Supernatural trouble? I mean, I'll be the first to admit that I have contingency plans in case zombies invade. So does my mom. We're not like, super firm devout believers in monsters or anything, but we live less than a day's drive from Mexico and my mother refuses to take us in case a chupacabra decides we look tasty. Once she married my dad and moved out of her parents' house, she refused to visit her grandparents up in New Jersey because she'd heard on television of a woman and her son being attack by the Jersey Devil.
So was I willing to consider some weird demonic angelic thingy going on? Yes. At least half-heartedly.
"I'll tell you," he says, and I snap my attention back to our conversation, "when we get to my place."
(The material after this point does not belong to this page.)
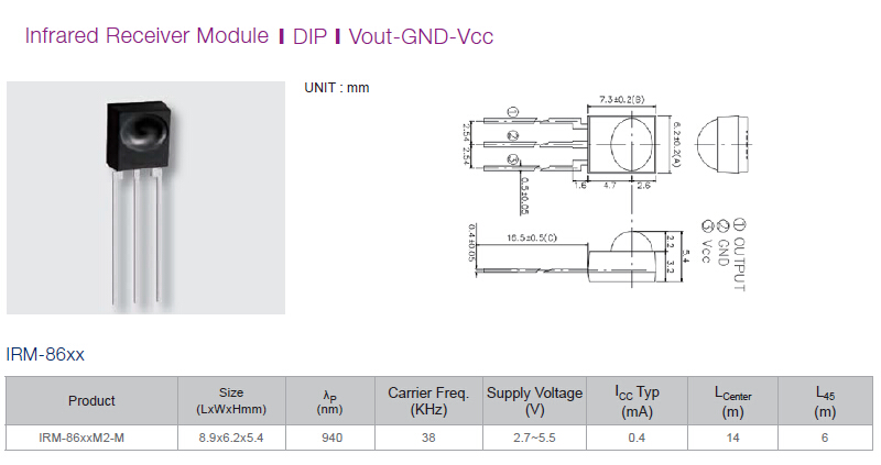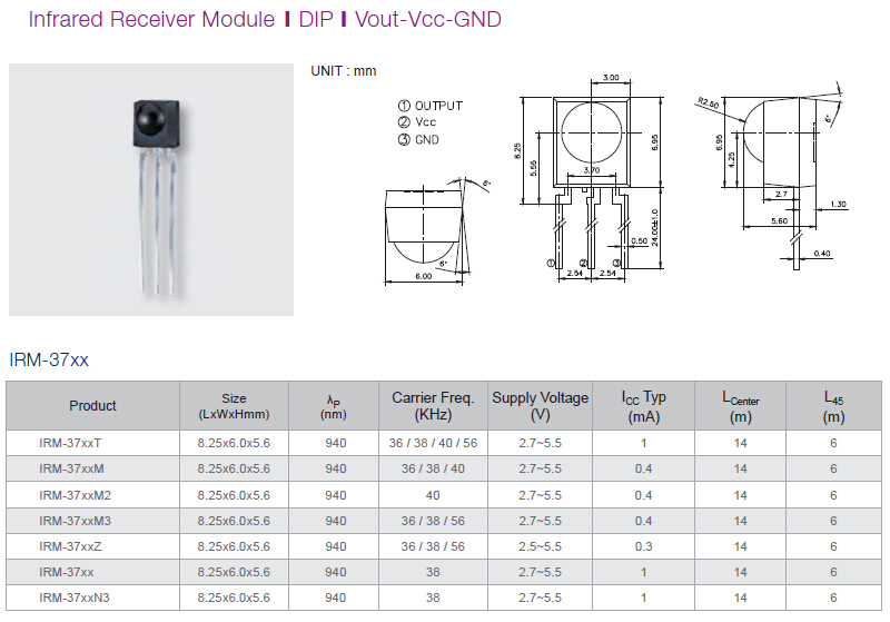 亿光红外线接收头 直插接收头IRM56384 IRM3638

Well, I would have to be satisfied with that. I know why he wanted to wait for a bit before we talk. He needs to figure out all what he's going to say, or whether to really say anything at all. Sometimes, he could be super sneaky, like a baby trying to put something sharp and pointy in its mouth. But I am not going to let this go. Never. No way. Not until the whole thing went away and our lives could go back to normal. Whatever normal was.
We sat in silence in the car as the stale orange lights, like the mango juice they serve at zoo camp – pale, washed-out and old looking, and tasting strongly of rancid hot dogs – burned like torches in the darkness of the city. Love the light pollution laws usually, put in place for the observatory people to stargaze. Not tonight. Things are a bit too freaky to be in a really dark city right now.
The rain chimes on the windows, diamond bright under the oncoming headlight beams, and the acid clock numbers blink in the interior darkness surrounding and muffling us both in the car.
After awhile of sitting in long, dimly and intermittently lit shadows and uncomfortable silence, Jamie flicked on the radio. Immediately "Lola" by the oldies group the Kinks comes on. I can't help but laugh a little. It's always a good day when you can listen to a song about a guy who accidentally picks up a chick named Lola at a bar, dances with her, hits on her, and then realizes she's a dude.
"That's perfect," I say.
"Cute, that's cute," Jamie says, and his Frank Sinatra voice is back, tickling my neck. Things are nowhere near as bad as they could be, then.
He could still laugh.
[1]I don't give a rat's butt whether or not Michael Jackson bleached his skin & had 40 million nose jobs & looked like a woman & molested kids. I mean I care if he molested kids because that's just sick but I still like his music. His early music when he was still "black." His early music like Billie Jean & Thriller & Black or White, is awesome & I grabbed it off of the internet for free so he didn't make a dime off my contributions while he was alive and he's dead now.